Elle pense à ses deux oncles, campant de chaque côté de la brèche toujours ouverte. D’un côté, le Phalangiste, le benjamin des frères, de l’autre l’aîné, militaire haut placé et soutenu par le Parti Populaire Syrien du chrétien Antoine Saadeh, et proche du parti Baath. Une tragédie familiale banale : le jeune, à l’extrême droite maronite, aux côtés de ceux qui sont entrés dans les camps, qui ont tué, violé, démembré, éventré, piétiné ; le plus âgé, Général aux idéaux égalitaires et laïcs, emprisonné pour son coup d’État loupé, qui combattait du côté de ceux qui défendaient les camps. Entre eux, le silence, impitoyable loi des abîmes criminels, du gouffre où les haines se déchaînent, « Palestiniens », « Israéliens », « Chrétiens », « Musulmans », « Sunnites », « Chiites » – termes ramifiables d’une équation avec divisions à géométrie variable. La fourche politique est inexorablement un drame familial, parce qu’au pays du Cèdre, où le pouvoir est une propriété privée, la violence a tout mangé, jusqu’aux ronces.
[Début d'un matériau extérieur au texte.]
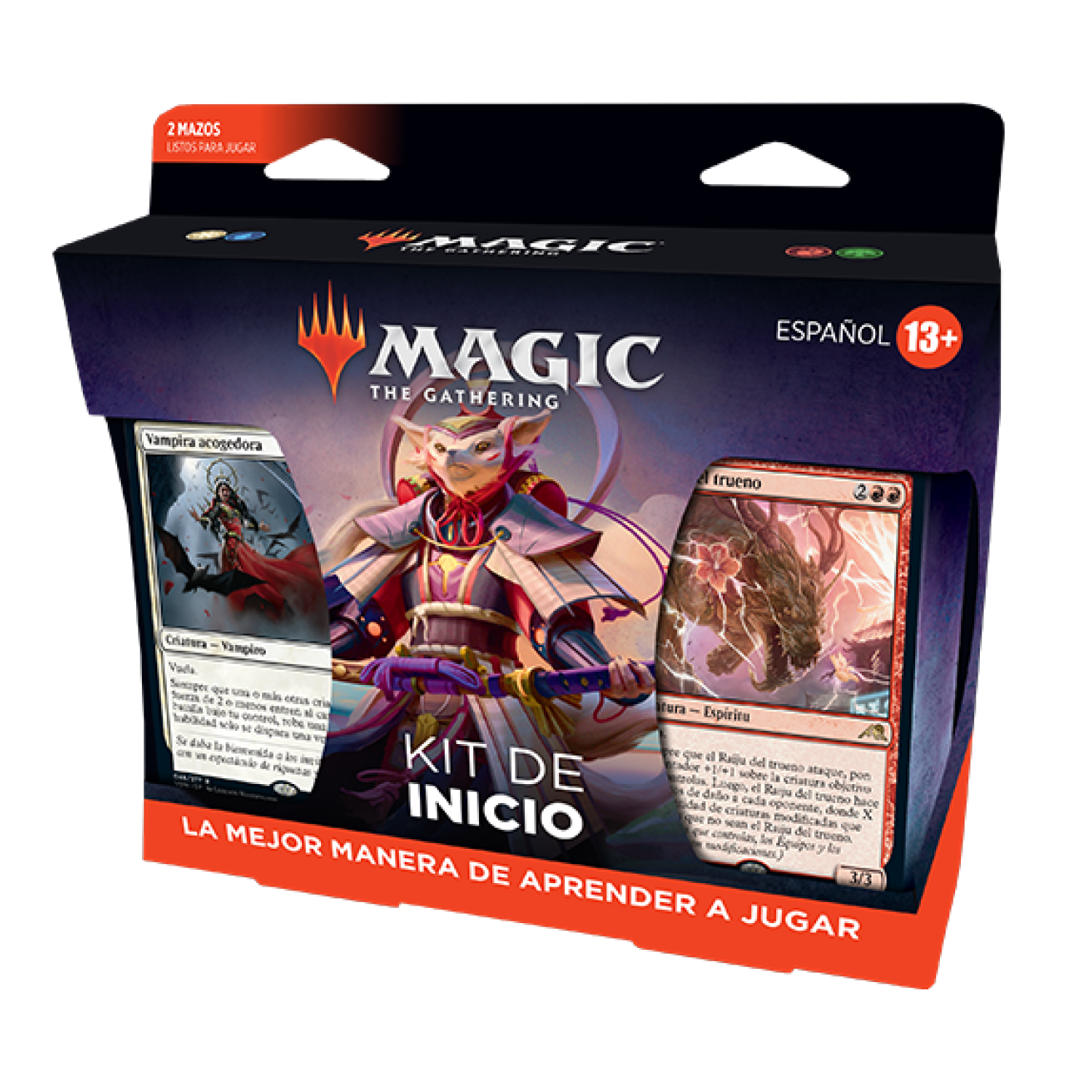 El Kit de inicio 2022 de Magic: The Gathering contiene todo lo que dos jugadores necesitan para empezar a jugar, tanto en persona como en línea. Incluye dos mazos listos para jugar, uno blanco-azul y otro rojo-verde, cada uno con cinco cartas raras (incluyendo una foil), además de códigos para desbloquearlos en MTG Arena, un tutorial digital interactivo y un folleto con las reglas para aprender los fundamentos del juego.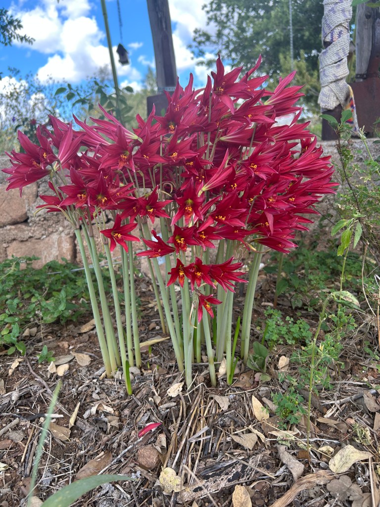 Fast forward to my early twenties. I was now in central Texas during Fall. Need I say more? It rained, and what seemed like overnight, Oxblood Lilies popped up all over town. I’ve never been the same since. Oxblood lilies seemed to grow wild where my in-laws lived, and I began to ask around about the red lilies growing everywhere.
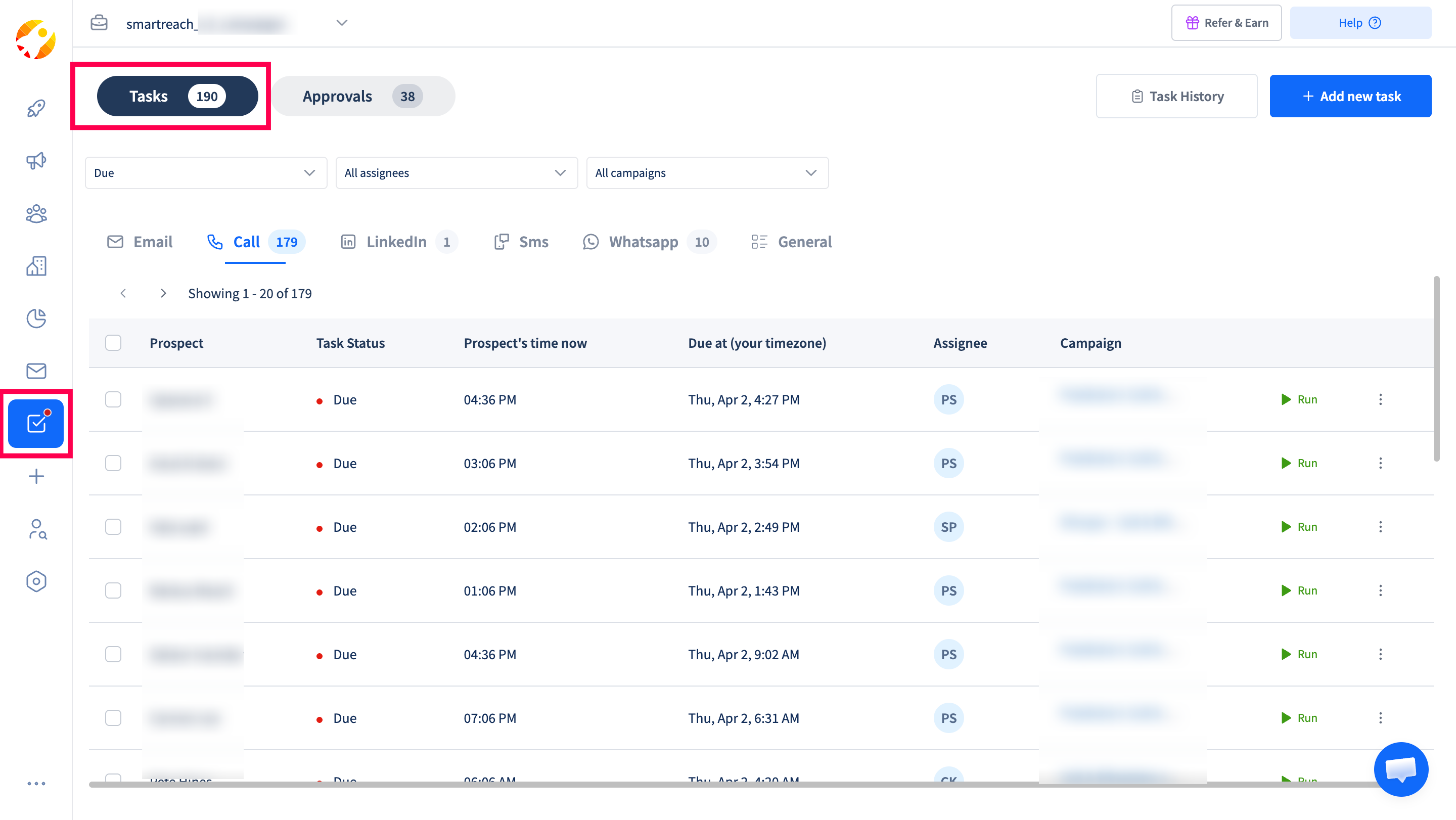 Manage daily multichannel tasks with SmartReach task manager. Organize LinkedIn, calling, and other outreach activities in structured workflow interface.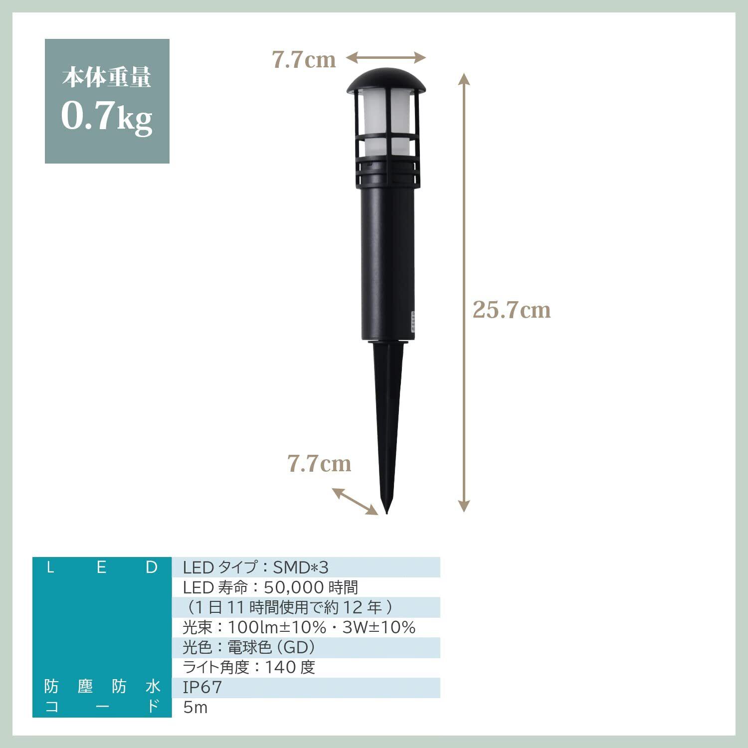 【本体仕様】ライト部分サイズ:7.7×7.7×25.7㎝/ライト重量:800g/材質:アルミニウム、PC/コード長さ:5m/付属品:ガーデンライト本体×1/屋外用PSE認証取得済み ※ACコントローラーは付属しておりません。初めてご購入の場合はスタートキットをご検討ください※
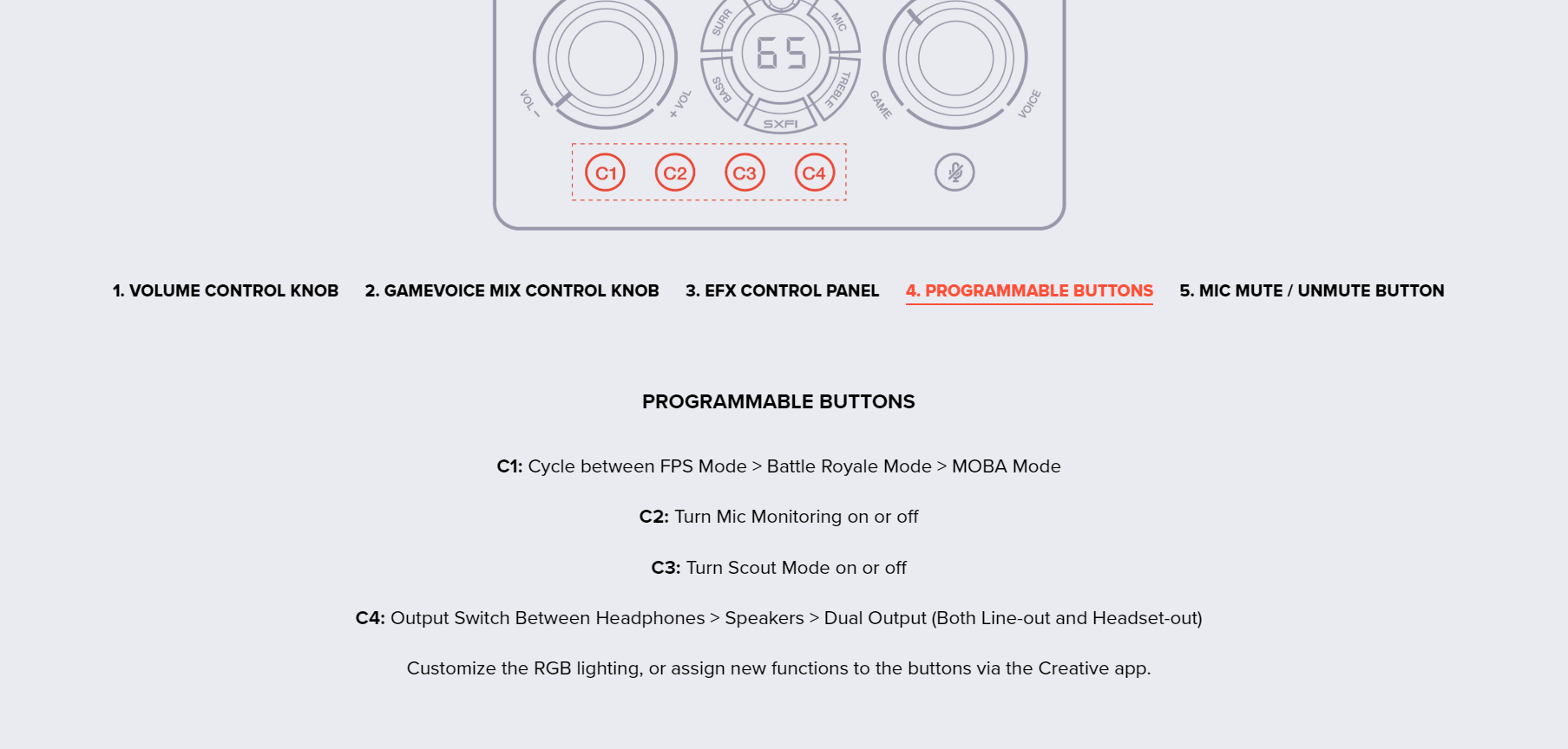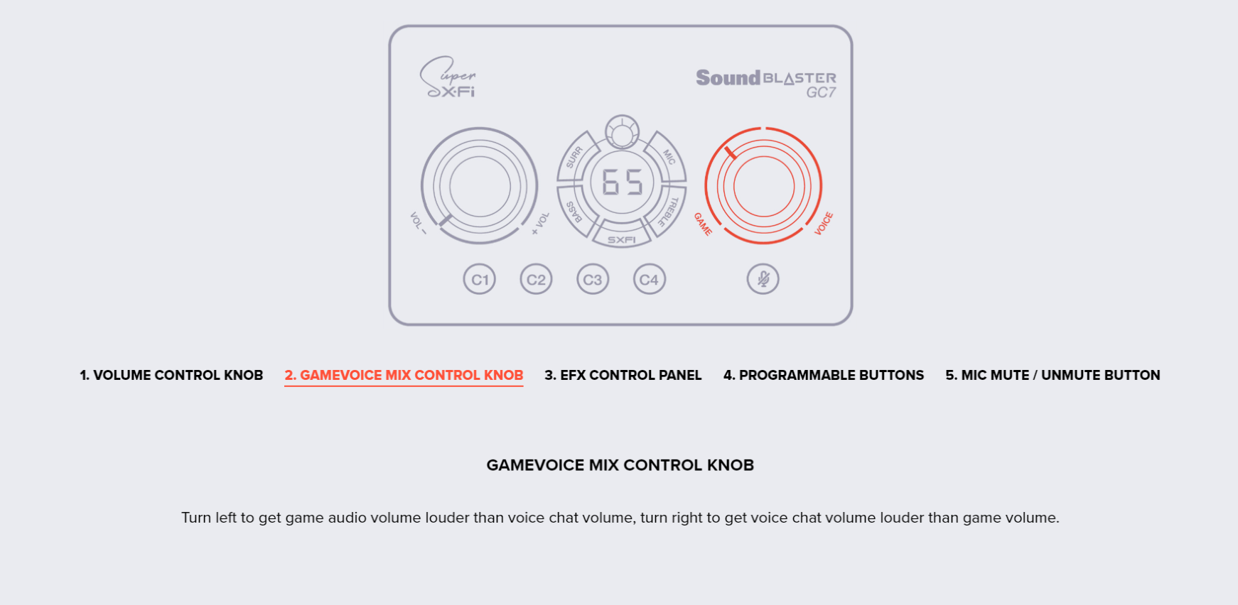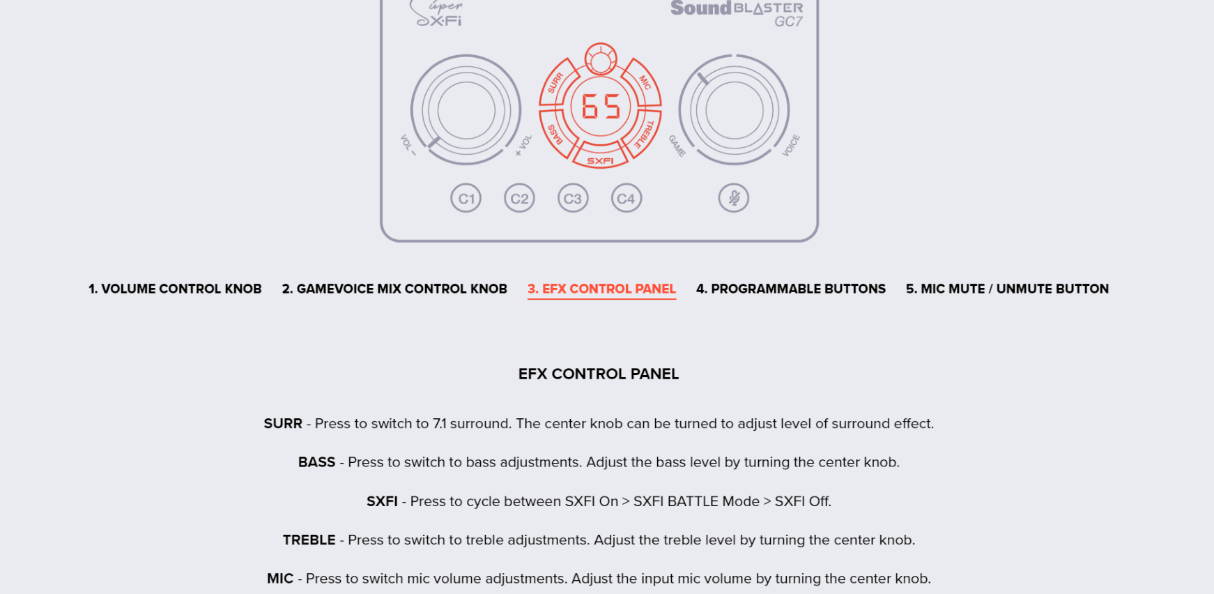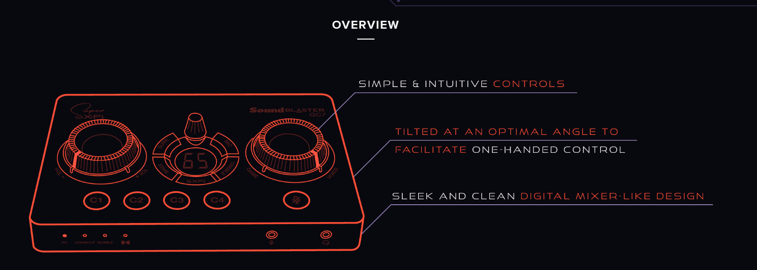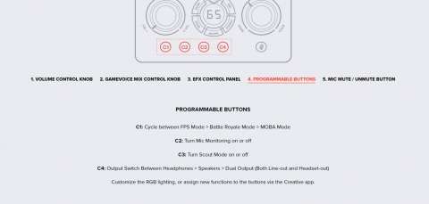 Master volume dial, GameVoice Mix dial, SXFI button, Surround button, Bass button, Treble button, Mic button, Rotary dial, Mic mute / unmute button, Power button, Platform mode switch, Headphone gain switch, 4 Reassignable C1-C4 buttons |

La sentence qui sauve ce qu’il reste des meubles arrive enfin : le plat est servi, les professeurs sont invités à aller prendre place à table dans la grande salle.
« Well, it was nice to meet you both. Bon appetite, as you say in French! », conclut le professeur de droit.
Elle n’a plus faim, il a la nausée.
Il est minuit passé, ils n’arrivent pas à dormir, chien de fusil à droite, chien de fusil à gauche, s’enlacent de toutes manières possibles.
« You know what would make me really happy ? », murmure-t-elle.
« What ? »
« To hike in Alaska ».
Ils rient de connivence.
« Let’s go see the grizzlies then ».
Ils s’embrassent, en espérant rêver, cette nuit, de paysages non-humains.
Beyrouth-Tel Aviv, 2021 ; Entrée
Elle voit un numéro +972 s’afficher sur son écran. Rejette immédiatement l’appel. Elle est folle ma sœur, se dit-elle. Elle lui écrit un texto par WhatsApp.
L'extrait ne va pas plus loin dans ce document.